BOOKER T. WILLIAMS
by Christian Morrow, Courier Staff Writer
When retired state Sen. Jim Ferlo was asked his thoughts on Booker T. Williams, he said they first met in the 1970s—and the World War II veteran made an impression on the young community activist.
“He was a vocal advocate of funding the Freedom House ambulance, Mathilda Theis health center, Hill House back when Jim Henry was the executive director, and the 84-loop bus, among other successful initiatives. I always associated Booker with being a vocal advocate for greater minority employment in the visual media, the police force, corporate representation, and he was active in supporting progressive candidates across the political spectrum,” Ferlo said. “It was difficult for any elected or government official to avoid a direct answer to Booker when requested as he was intelligent, adamant but always a gentleman and a class act— he never thought of himself, but the community at-large or someone in need.”
Williams, a teacher, writer, fisherman, small business owner, jazz aficionado and devoted member of the NAACP Pittsburgh Branch, passed away on Aug. 13. He was 92.
Born in Aliquippa, his family moved to Pittsburgh and he graduated from Fifth Avenue High School before enlisting in the Army. He returned to Pittsburgh after the war and earned a master’s degree in education from Duquesne University before moving to Rochester, N.Y., where he taught English at Madison High School and also operated a record store.

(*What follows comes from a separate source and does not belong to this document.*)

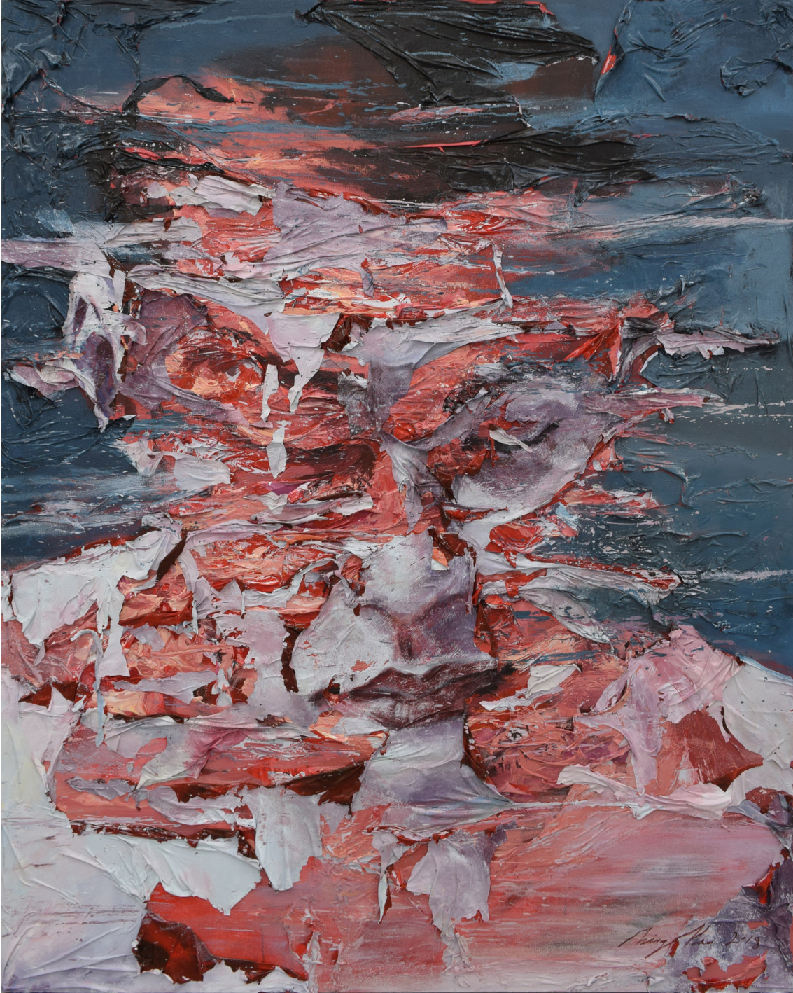
This Is Me, I Guess

150 x 120 cm | Acrylic and Gloss Gel on Canvas | 2018

Returning to Pittsburgh in the early 1970s, he served as the state coordinator for the Pennsylvania Department of Education’s PHEAA Act 101 program, which provided state schools with financial support for disadvantaged students. He also served as program director, and later interim executive director, for the Hill House Association.
Black Political Empowerment Program Chairman Tim Stevens, who spoke at Williams’ Aug. 21 funeral service at Bethesda Presbyterian Church in Homewood, said he was probably the NAACP Pittsburgh Branch’s most dependable member over the years.
“Booker Williams was a stalwart with the NAACP Pittsburgh Branch. He and I worked together for years. He was a strong supporter of mine as president of the branch, and more importantly was a strong supporter of the NAACP and of civil rights. He was a no-nonsense warrior in the cause for social and political justice, and in particular with regard to the rights of African Americans,” Stevens said. “In his role with the NAACP Political Action committee he was a never-ending advocate for voting rights for Black people, and for the need for us to always be in the voting booth on Election Day. He did his advocacy with passion, commitment and steadfastness, but frequently sprinkled with a never-ending sense of humor.”
Pittsburgh School Board representative Sala Udin said there were times when that humor was set aside.
“I remember Booker as a plain-spoken, bold-spoken leader involved with the NAACP and with the Hill House Association leadership,” Udin said. “It seemed to be important to Booker to not let things slide by, if they needed to be called out and exposed. This applied equally to our own community leaders as well as to the power brokers Downtown. But nobody doubted his integrity and he didn’t tolerate foolishness. Leaders of Booker’s type are not seen as much today, but they are surely missed.”
Williams is survived by three daughters, three grandchildren and two great-grandchildren.